Fourth-instar larvae of Triatoma infestans, reared in a laboratory colony at 28°C and fed weekly on chicken blood, were used throughout. Bugs were maintained in light/dark cycles (L:D 12 h:12 h, 140 μW cm^–2) at a constant temperature (25°C) for 5 days. The compound eyes were then fixed (i) at the fourth hour of the photophase under white illumination (140 μW cm^–2) and (ii) at the second hour of the scotophase. To prevent any interference from light, preparations were performed under far red light illumination (λ>695 nm; light filtered through an RG695 filter; Schott, Germany). These two times of the day were chosen because these are when T. infestans displays minimal (fourth hour of the photophase) and maximal (second hour of the scotophase) photonegative sensitivity (Reisenman et al., 1998). Illumination during the light phase of the LD cycle was provided by a fluorescent lamp (Osram Dulux EL E27, 7W/41-827). Light intensity was measured with a radiometer (SEL 033 sensor module, IL 1400 radiometer; International Light, Newburyport, MA, USA).
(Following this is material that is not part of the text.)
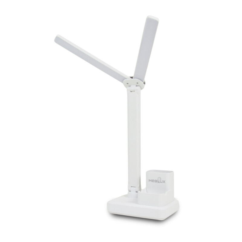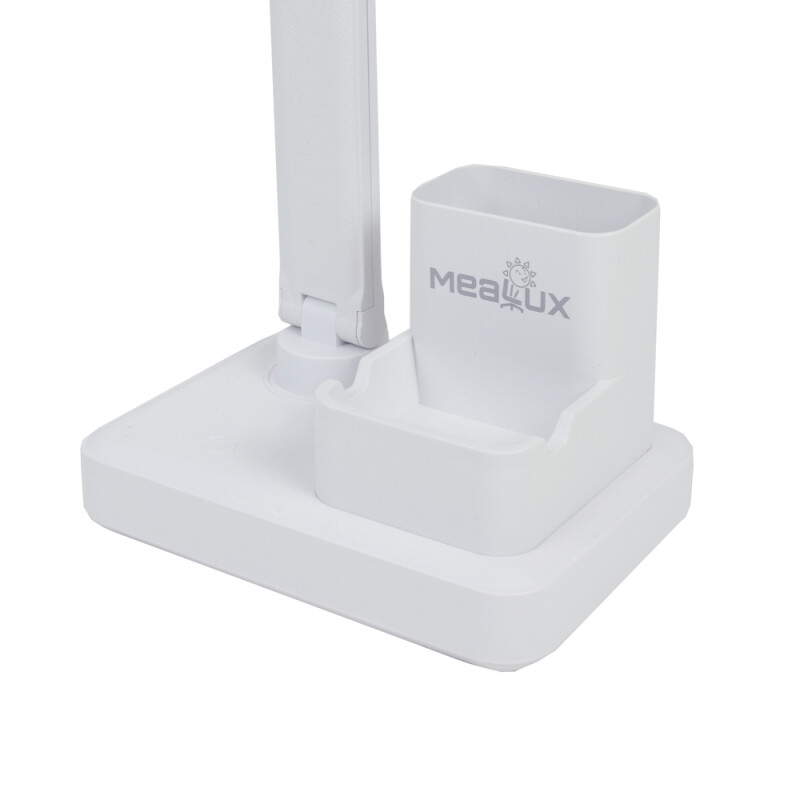 Акумуляторна складна настільна лампа з підставкою для олівців Mealux DL-17 - це поєднання стилю, зручності, безпеки та креативу. Лампа Mealux DL-17 дозволяє висвітлювати будь-яку робочу поверхню. Високоякісні 32 світлодіоди забезпечують приємний та безпечний світловий потік. Три режими освітлення холодний, теплий та комбінований. Сенсорна кнопка включення лампи багатофункціональна, дозволяє перемикати режими лампи, а також при тривалому натисканні плавно регулює яскравість світлодіодів. Головною особливістю Mealux DL-17 є її основа корпусу, яка виконана у вигляді підставки для олівців та ручок із можливістю встановити смартфон у спеціальне поглиблення. На підставі лампи є кнопка включення та microUSB роз'єм для заряджання. Ніжку лампи можна повертати на 180 градусів. Лампу можна заряджати від блоку живлення, який є в комплекті, а також від повербанків, зарядних станцій або USB порту комп'ютера. Лампа Mealux DL-17 створить комфортні умови на робочому столі, оскільки робота світлодіодів влаштована таким чином, що не утворюються відблиски на поверхні монітора, інших гаджетів, а також на стільниці.
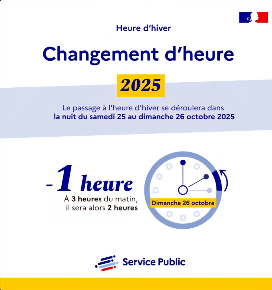 Dans la nuit du samedi 25 octobre au dimanche 26, nous passons à l'heure d'hiver.

To test whether daily changes in ommatidial structure are under endogenous control, insects were maintained in LD cycles (L: 140 μW cm^–2) for 5 days, and a group of bugs was then kept in constant darkness (DD), while another group was kept in constant light LL (L: 140 μW cm^–2). After three ‘subjective’ days, the eyes of half of the bugs from each experimental group (LL and DD) were fixed at the fourth hour of the subjective day and the remaining half at the second hour of the subjective night. The free-running periods used for estimating the subjective day and night of the bugs were approximately 23 h 50 min for bugs kept in DD conditions and approximately 26 h 40 min for bugs kept in LL conditions (Lazzari, 1992). This experimental protocol is identical to that used by Reisenman et al. (1998) to study the circadian rhythm of photonegative sensitivity in this bug.

To study the effect of light intensity on the ommatidial structure, the procedure described above was repeated under a lower light intensity, i.e. animals were maintained in LD cycles (L: 8 μW cm^–2) and then transferred to LL conditions (L: 8 μW cm^–2). The eyes were fixed during the light and dark phases of the LD cycle or during the subjective night and day of the bugs (LL conditions).
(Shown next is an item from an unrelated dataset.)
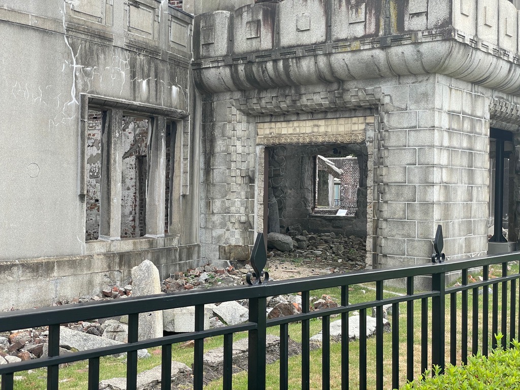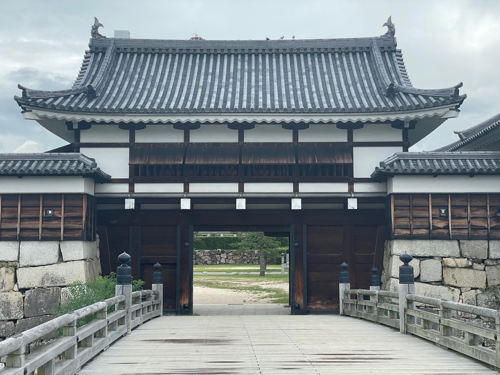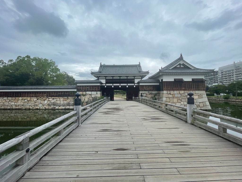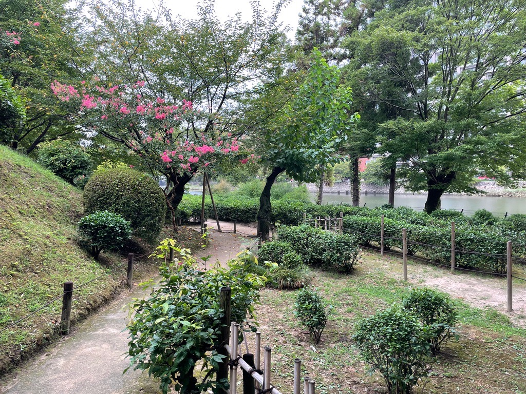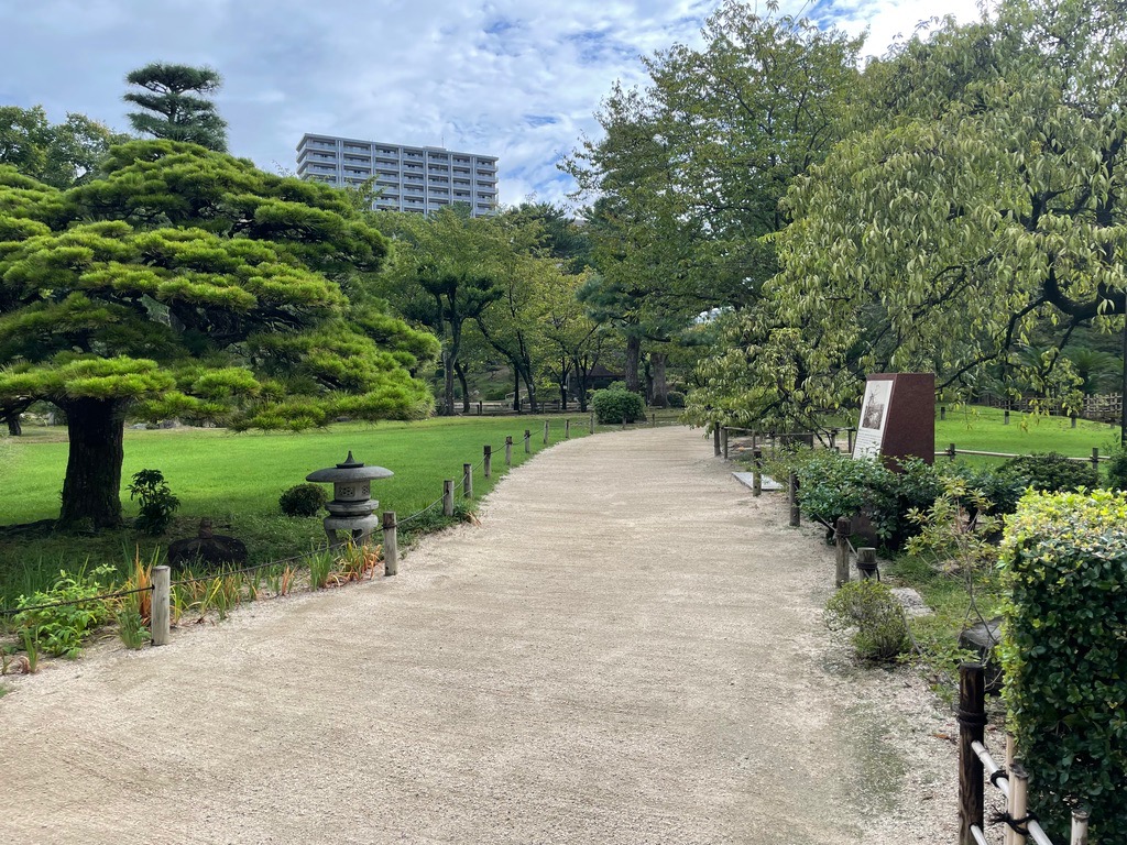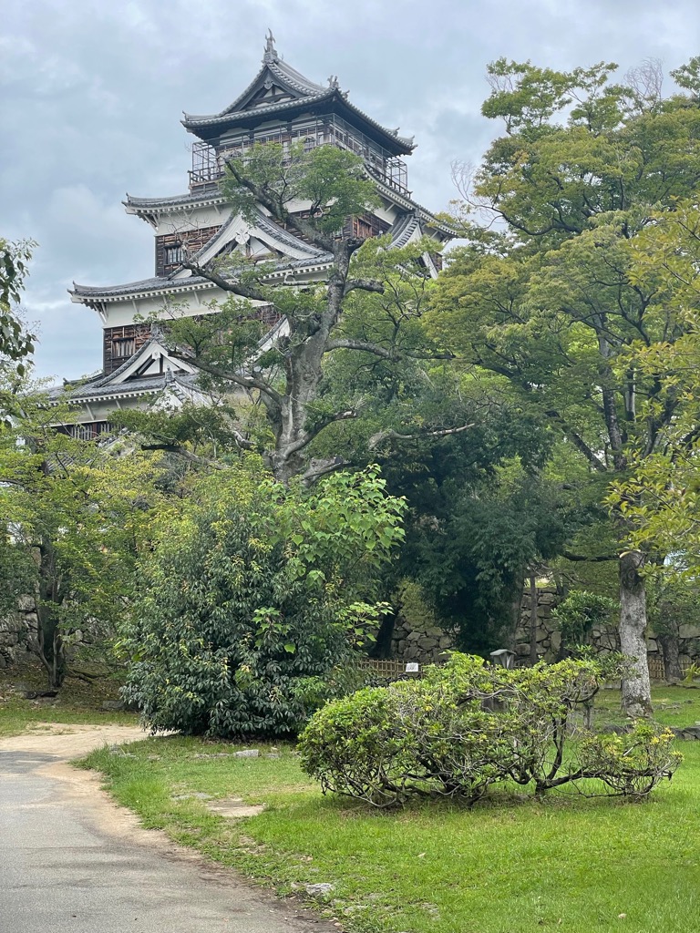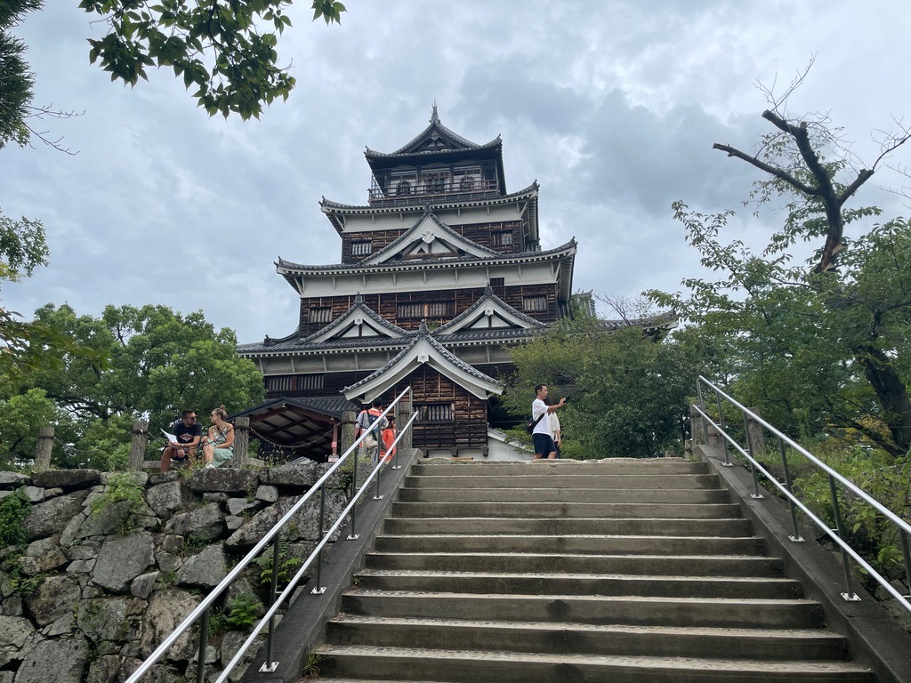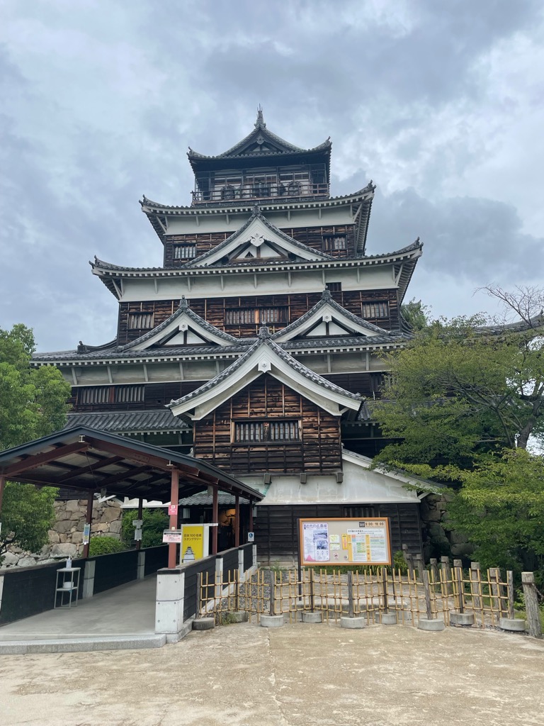 | Hiroshima Castle. This sign about taxes based on width causing deep but narrow houses reminded me of some other country where taxes were based on windows. |

The age of the insects at the time when the eyes were fixed ranged between 12 and 18 days post-ecdysis.

Light microscopy was performed on eyes processed following the technique described by Ribi (1987). The posterior half of the head (containing the eyes) was fixed for 3 h in a mixture of 2.5 % glutaraldehyde and 2.0 % paraformaldehyde in phosphate buffer (pH 7.3), with added sucrose and CaCl₂. The heads were then rinsed five times over a 20 min period in phosphate buffer and post-fixed with buffered 1 % osmium tetroxide for 1–2 h. After dehydration through a series of alcohol dilutions, they were embedded via propylene oxide in Durcupan. Blocks were serially sectioned at 2 or 5 μm using glass knives mounted in a microtome. The sections were stained on a hot plate with 1 % Methylene Blue and examined under a light microscope.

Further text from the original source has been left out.